It is pretty clear that renewables are here to stay. New solar panel farms and offshore wind turbines are being announced across the U.S. every other week. Each new year brings a renewed push for the federal and state governments to direct much-needed resources to boost clean power alternatives that help create jobs and grow local economies. There is one central question that remains: Will it be enough?
There are plenty of reasons for optimism because recent years have given way to new thinking. Decades of research into solar technology are finally paying dividends, as new photovoltaic setups have emerged as a cost-effective method of mass-produced and easily deployable solar generation. Markets are starting to wake up to the financial efficiency of clean energy. But for all of the many reasons we have to hope, it still makes sense to discuss theoretical backup plans as we build up the necessary infrastructure that allows us to harness the power of renewable energy.
This space is where Quaise Energy comes in. It is the brainchild of years of research at MIT’s Plasma Science and Fusion Center, with graduate students working diligently on new and innovative ways to harness geothermal energy’s untapped potential. As stated in the name, geothermal power is an energy source derived from drilling deep below the earth’s crust. Once several kilometers below the surface, heat energy stored in the depths can be harnessed, providing an alternative tap of natural power without damaging the environment or releasing toxic emissions into the atmosphere.
Although geothermal energy is discussed with far less frequency than its solar and wind cousins, expanding our efforts into this type of power could be the key to supplementing the others without relying on fossil fuels.
“Geothermal energy can provide a lot more power using fewer resources,” says Arunas Chesonis, managing partner of Safar Partners, a firm invested in Quaise. “We have to approach the clean energy transition from both of those angles.
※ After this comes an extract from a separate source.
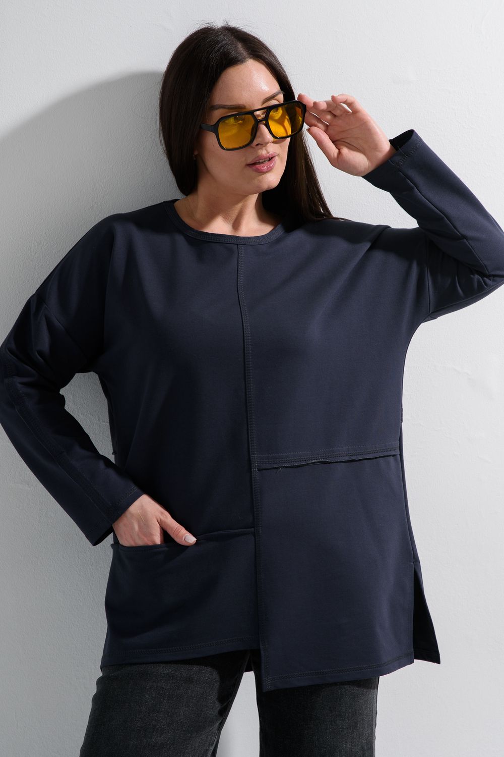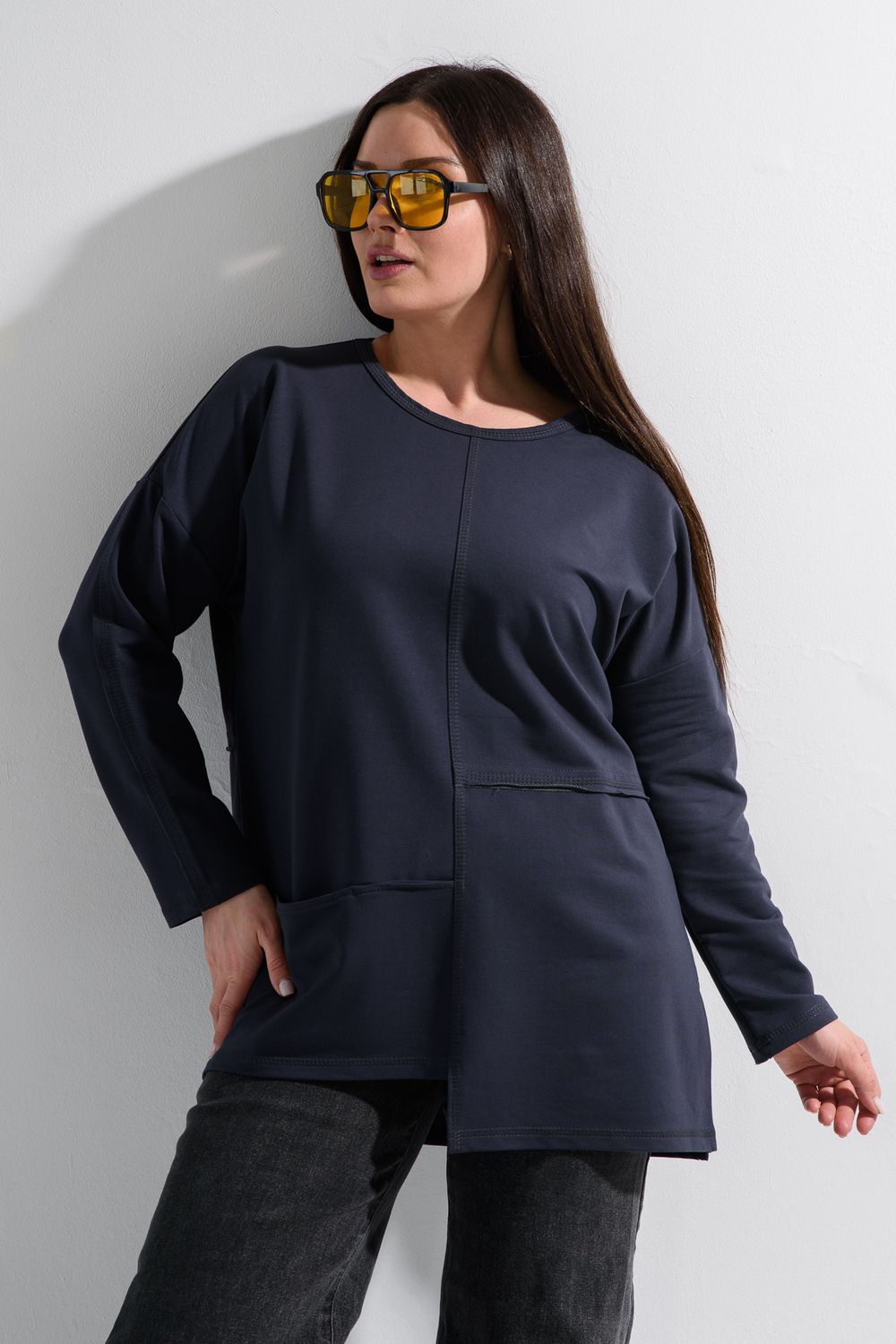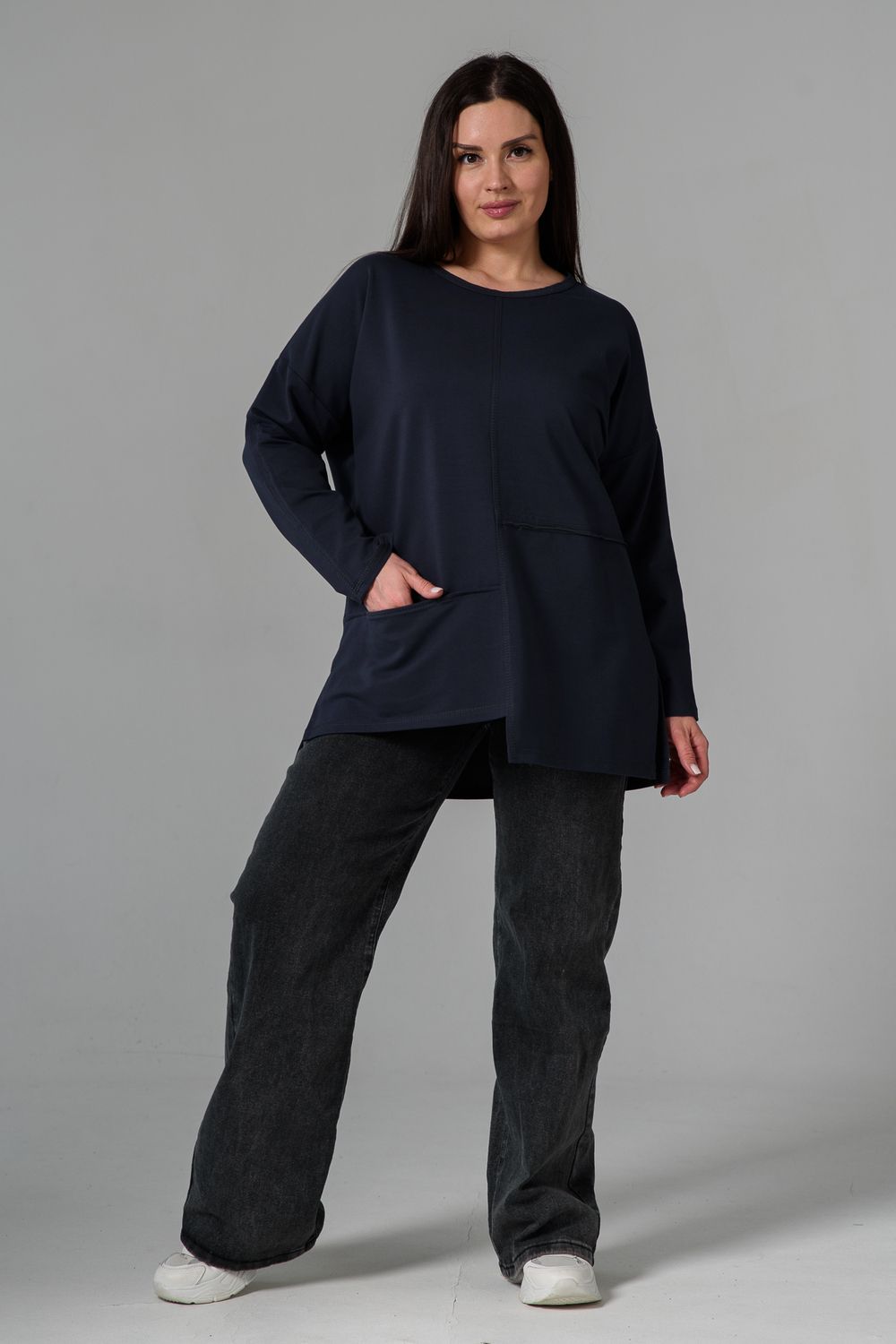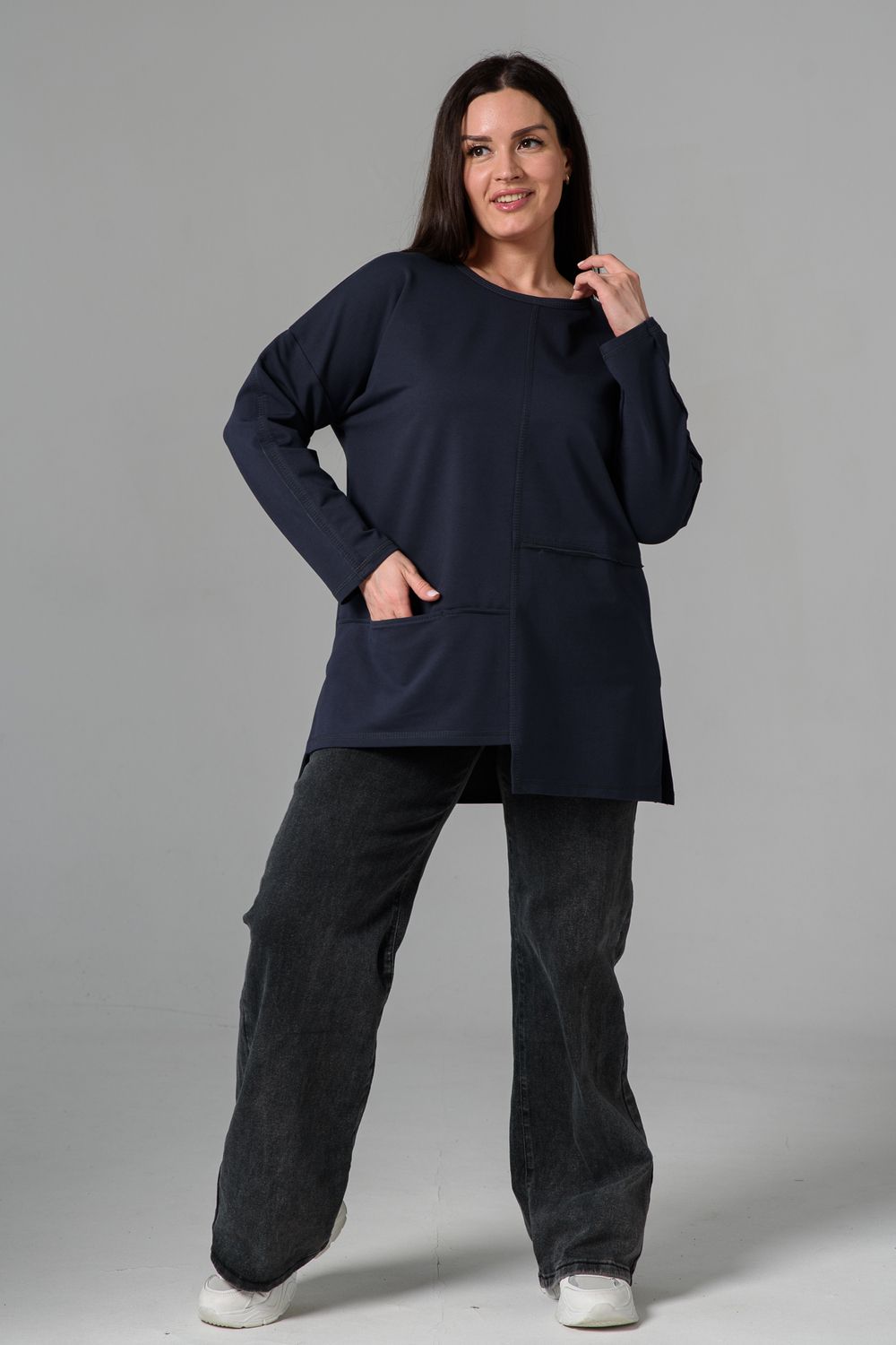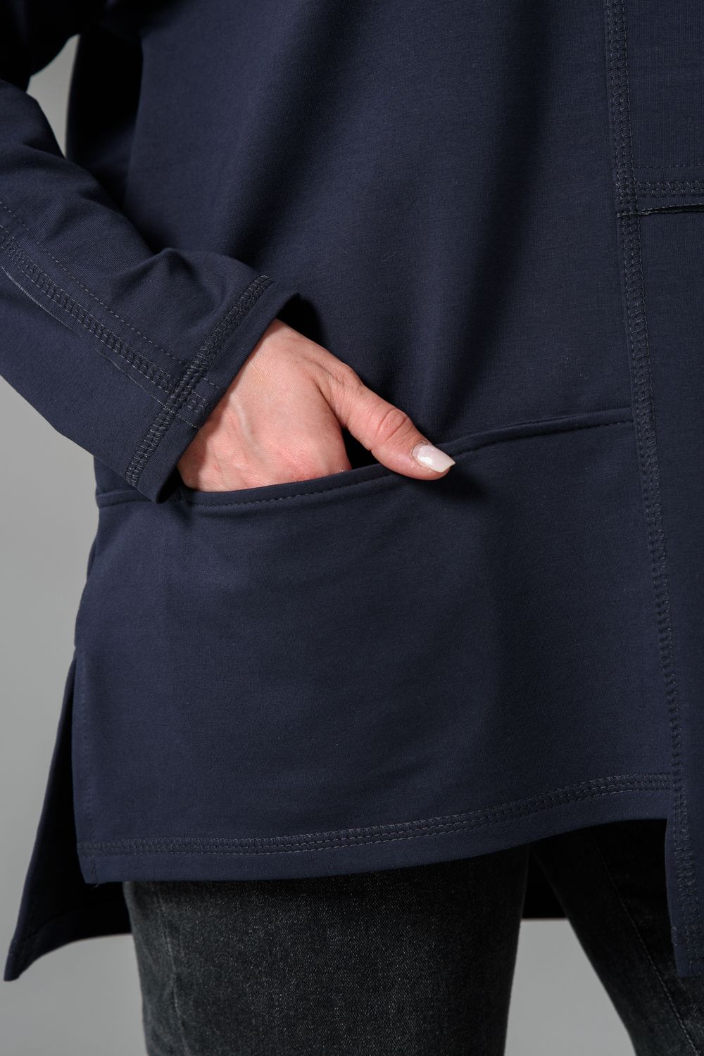 Туника прямого силуэта, горловина круглая, рукав длинный, цельнокроенный со швом, состоит из передней и задней частей. Полочка из четырех частей: на правой части внутренний горизонтальный карман в шве, на левой горизонтальный шов с открытыми срезами, аналогичный шов на спинке. В боковых швах разрезы.

Quaise’s solution makes us optimistic for a future where clean, renewable energy will secure the future of our planet.”
For years, the problem with geothermal energy was pretty straightforward: We couldn’t find enough of it. The deepest anyone had ever drilled was a little more than 12 kilometers below the surface, and a lack of hotspots had previously deterred energy companies from further attempts.
Quaise will use new technologies to dig as deep as 20 kilometers, where geothermal energy is available in virtually endless supply. Assuming the company is successful, the implications of accessing these pools will be massive.
An efficient and easily replicable method of accessing geothermal power would provide all the advantages traditionally limited to oil and coal without the disastrous environmental consequences.
To date Quaise has raised more than $60 million in funding. The company expects to provide proof-of-concept operations by 2024 and a fully deployable system by 2026.